According to Zachary Mueller, America’s Voice Political Director and lead author of the report: “While immigration will not be a top issue for a majority of all voters, it is an important issue for the MAGA base, and Republicans believe, with sparse evidence,  immigrant-bashing favors their electoral prospects. To that end and as we head toward the final months of the general election, GOP candidates across the country will continue to insert into the debate anti-immigrant rhetoric and  dangerous white nationalist conspiracies that have already led to violence. Republicans are basing their nativist messaging on falsehoods about the U.S. having ‘open borders,’ fentanyl is primarily an immigration issue and that there is a conspiracy to replace white voters with immigrants who are entering the U.S. via an organized invasion. But Republicans have no policy solutions on immigration and their cruelty and chaos approach, that has included separating families and blanket bans on asylum, is seen as extreme by a  majority of Americans outside the MAGA base. On immigration, abortion, access to guns and fealty to Donald Trump and his anti-democratic agenda, Republicans are hoping their extremism can win GOP primaries are not liabilities in the general elections.”

Here are the key takeaways from the America’s Voice report “2022 GOP Messaging Tracker: Analysis of Republicans’ Nativist Narrative Leading into the General Election:

  1. Republican candidates will make nativism an issue in the election as a way to rally their base. Leaders throughout the Party, including Senate Minority Leader Mitch McConnell and House Minority Leader Kevin McCarthy, have made consistent and repeated predictions that their border narrative will be a key part of a midterm victory.  They have followed it up with sustained attention and investment. 

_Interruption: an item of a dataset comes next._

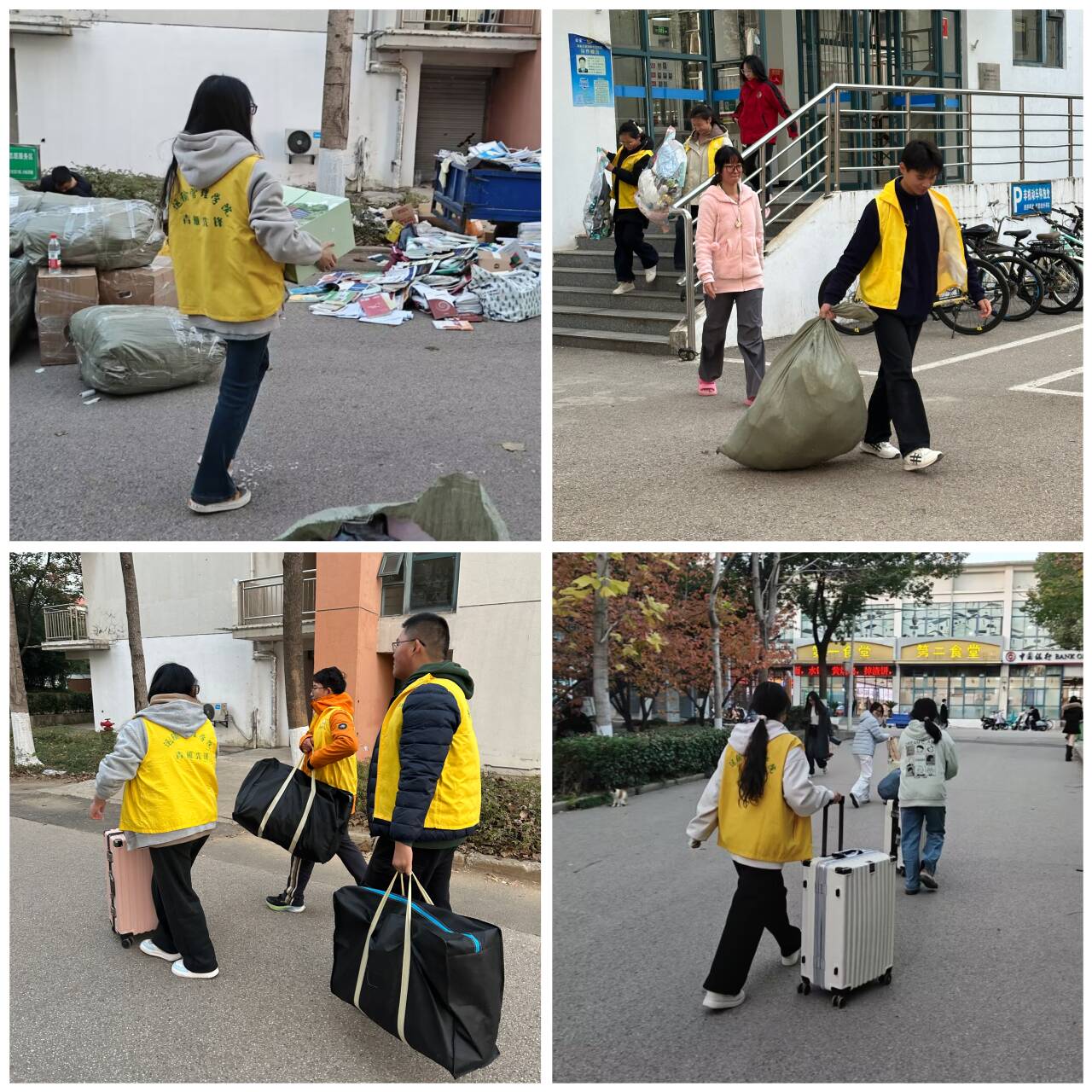 活动当天,志愿者们早早集合,分工明确、配合默契,协助大三同学将行李从宿舍楼搬运至校门口或指定装车点。尽管天气寒冷,但志愿者们热情高涨,主动帮助行动不便的同学打包、搬运大件行李,确保离校工作有序高效进行。

  2. Republican campaigns, superPACs, and political committees are once again spending heavily on anti-immigrant messaging. At America’s Voice, we have found over 2,130 ads and 400 campaign emails that use nativist dog-whistles this cycle. We tracked an average of around 2,700 tweets from Republican candidates and campaigns a month that move anti-immigrant messages. Negative mentions about immigration in right-wing media hover around 4,000 to 6,000 a month
  3. Republicans have three main attack lines: open borders, fentanyl, and “invasion.” All three are based on lies and disinformation. We have identified 360 ads that fear-monger about Democrats’ alleged “open border” policies. We have identified over 330 ads that deploy dog-whistles around drugs and immigration. And over 140 ads that employ the “invasion” and “replacement” rhetoric.  
  4. Republicans have embraced deadly white nationalist conspiracies as an organizing principle, encouraging mass political violence. We have identified over 500 pieces of political messaging that echo the “invasion” and “replacement” conspiracy theories that inspired several domestic terrorists to murder dozens of Americans. As we have seen in Buffalo, El Paso, and elsewhere, these dehumanizing lies can have deadly downstream consequences and fuel anti-democratic attacks.   
  5. Republicans’ nativist border narrative is vulnerable to attack because it is unpopular and untrue. From open borders to fentanyl to invasions, the GOP’s nativist narrative is filled with lies, oversimplifications, and exaggerations.
  6. Republicans have no policy solutions on immigration. There are lots of tweets, photo ops, and tv ads, but very little in the way of actual policy solutions beyond Trump’s wall. Instead, they resort to a cruelty and chaos approach, which the Republican base supports but is wildly unpopular with the rest of the country. The lack of a foundation to the GOP’s narrative makes it ripe for disruption and an opportunity to neutralize this line of attack.